__Supplied information__
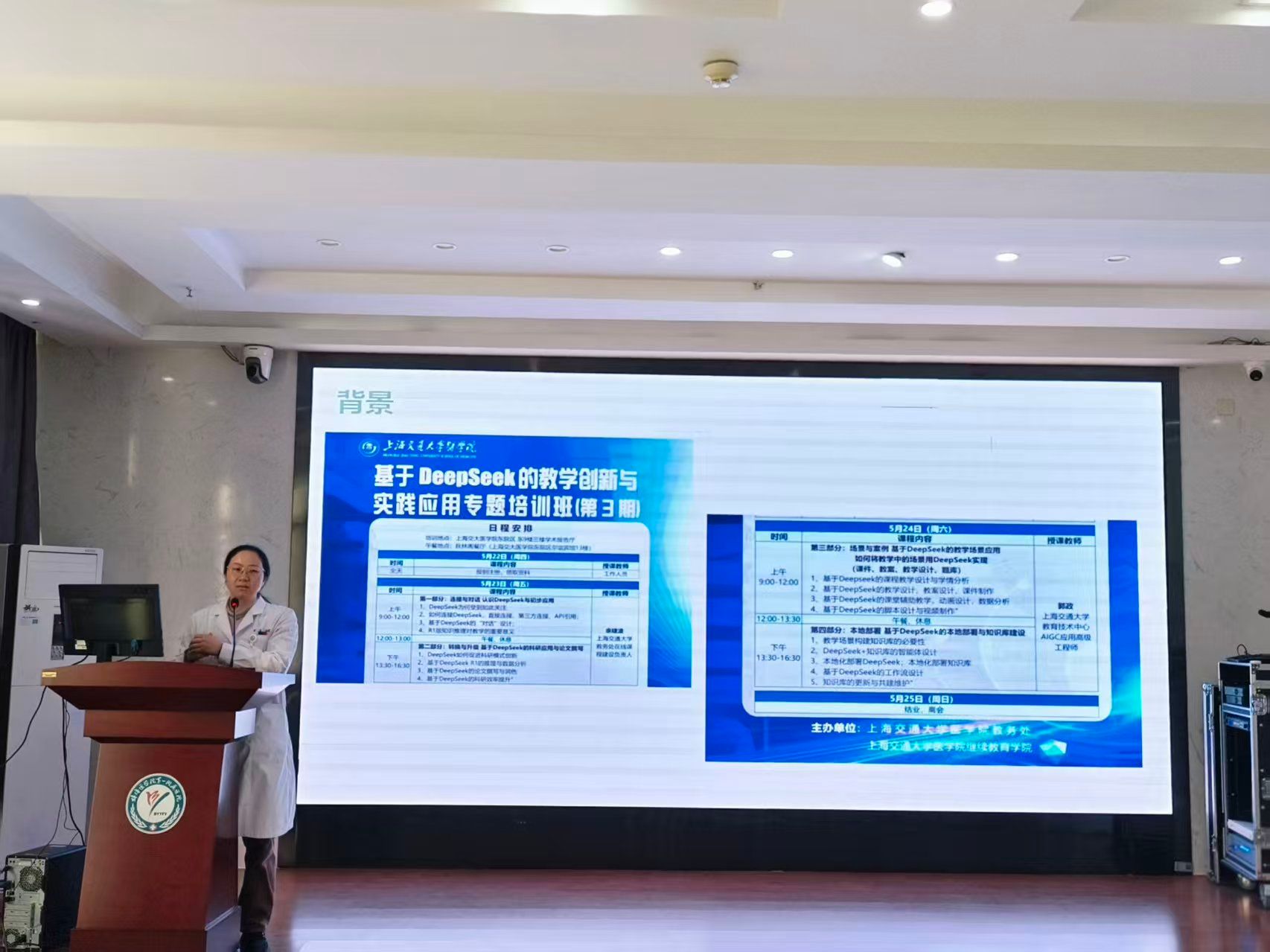 王蒙老师以《基于DeepSeek的教学创新与实践》为题作报告,现场演示如何借助“万能提示词”快速生成教案、习题与视频脚本,分享了AI医学助教、个性化学习路径设计等具体应用。
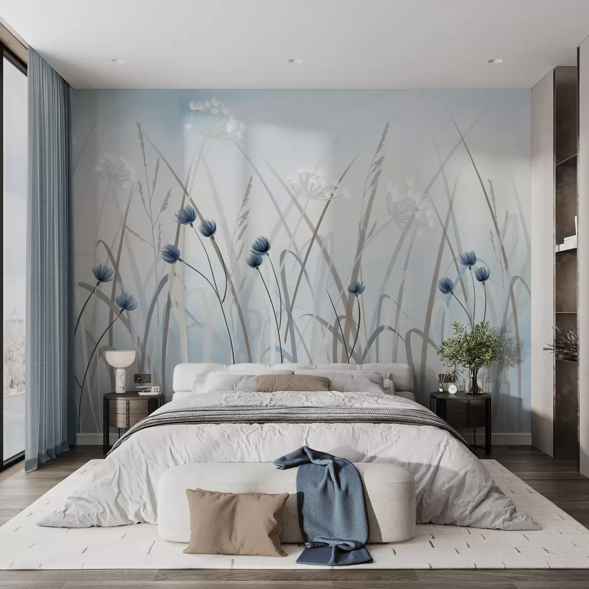 Fototapeten Gemaltes Gras und Blumen N° w04900
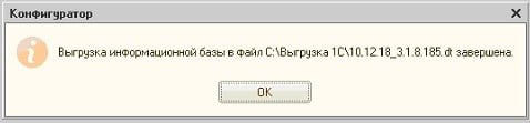 Присваиваем имя данной выгрузке и ждем пока система выдаст сообщение об успешном завершении операции.
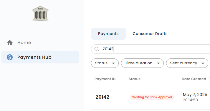 Optional, use the Waiting for Bank Approval status filter
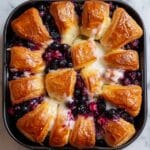 This Blueberry Cream Cheese Croissant Casserole is a deliciously indulgent breakfast or brunch dish featuring flaky croissants soaked in a luscious custard, studded with fresh blueberries, and swirled with creamy sweetened cream cheese. Perfect for making ahead and baking to golden perfection, it offers a delightful combination of flavors and textures.

__Your goal__
All entries above are to be restated exactly, with every image omitted.

__Exercise result__
 王蒙老师以《基于DeepSeek的教学创新与实践》为题作报告,现场演示如何借助“万能提示词”快速生成教案、习题与视频脚本,分享了AI医学助教、个性化学习路径设计等具体应用。
 Fototapeten Gemaltes Gras und Blumen N° w04900
 Присваиваем имя данной выгрузке и ждем пока система выдаст сообщение об успешном завершении операции.
 Optional, use the Waiting for Bank Approval status filter
 This Blueberry Cream Cheese Croissant Casserole is a deliciously indulgent breakfast or brunch dish featuring flaky croissants soaked in a luscious custard, studded with fresh blueberries, and swirled with creamy sweetened cream cheese. Perfect for making ahead and baking to golden perfection, it offers a delightful combination of flavors and textures.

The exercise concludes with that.